Потому что не адское пламя горит
и сжигает тебя до рассвета,
а привычный и местный вполне колорит -
электричество белого цвета,
то, чего не отдашь, то чего не отдам,
непростительный пафос прости мне,
разливая в стаканы Букет и Агдам,
словно метрику в греческом гимне.
-1-
Поэзии
Обнажится неизбежность,
если вечер поскрести.
Как нам нашу злую нежность
и беспомощность спасти?
Пароход идёт чуть выше
голубых железных крыш.
И в своей природной нише
я грущу и ты грустишь.
Я - крылат, а ты крылатей.
Вот и ладно, и молчок.
Возле жизней и кроватей
ходит серенький волчок.
Пароход, волчок, а дальше -
нежность, зыбкая как свет, -
то, в чём нет ни грана фальши,
то, в чём правды тоже нет.
-2-
Растворилось прошлое, как пенка,
словно сон, увиденный во сне,
отстучали каблуки фламенко.
Что я буду делать в тишине?
Эта тишина - она такое!
Ты ведь понимаешь это, брат.
Суету приёмного покоя
не сравнить с безмолвием палат.
Видно, Бог просеял через сито
то и это, и осталась лишь
тишина, как пепел Карменситы,
тишина, с которой говоришь.
Ах, какие были танцы-шманцы,
и казалось вовсе не пройдёт
жгучее желанье быть испанцем,
наступая на российский лёд.
Ладно. Ладно... Ничего не ладно!
Улетела музыка, звеня.
Обнимает нежно и прохладно
белая, как полдень, простыня.
Правят балом время и наука -
вылечат-не вылечат - не суть,
если самой алой юбкой звука
музыка не может полыхнуть.
-3-
Чайки кричат, как сивиллы,
Наташе
Может, было всё иначе.
Может, не было. Не знаю.
Может.

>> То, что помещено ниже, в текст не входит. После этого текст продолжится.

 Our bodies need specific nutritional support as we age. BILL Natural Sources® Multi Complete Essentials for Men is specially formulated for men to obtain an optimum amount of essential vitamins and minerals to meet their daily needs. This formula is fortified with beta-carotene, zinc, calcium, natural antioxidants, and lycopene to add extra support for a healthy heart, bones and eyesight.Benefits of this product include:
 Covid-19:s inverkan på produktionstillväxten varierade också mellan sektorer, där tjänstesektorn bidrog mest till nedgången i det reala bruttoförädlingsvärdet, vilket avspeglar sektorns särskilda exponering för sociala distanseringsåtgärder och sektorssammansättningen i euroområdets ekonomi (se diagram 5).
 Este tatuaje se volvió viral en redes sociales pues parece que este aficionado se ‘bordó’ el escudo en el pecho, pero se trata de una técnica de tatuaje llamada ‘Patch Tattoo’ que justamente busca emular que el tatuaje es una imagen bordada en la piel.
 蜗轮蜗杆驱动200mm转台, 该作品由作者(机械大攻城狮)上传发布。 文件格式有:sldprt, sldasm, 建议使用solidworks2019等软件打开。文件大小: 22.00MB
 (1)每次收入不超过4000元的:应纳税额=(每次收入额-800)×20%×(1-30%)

Только небо плачет.
Только звёзды уплывают
на какой-то дальний берег.
Только птица плачет тоже -
без упрёков, без истерик,
потому что не поможет.
Мы с тобою - с каждым словом,
каждым вдохом, вскриком каждым -
понимаем, что фигово
всё закончится однажды
голубым таким рассветом,
нежным очень, очень нежным,
бесконечно светлым светом,
безнадёжным, неизбежным.
А видно это - тоже родина,
под сенью девушек в цвету,
раз элизейская смородина
горчит в моём славянском рту.
Вы угощались этой - красною -
из рук гулёны молодой,
с её смешною и напрасною,
такою страшною бедой?
...................................................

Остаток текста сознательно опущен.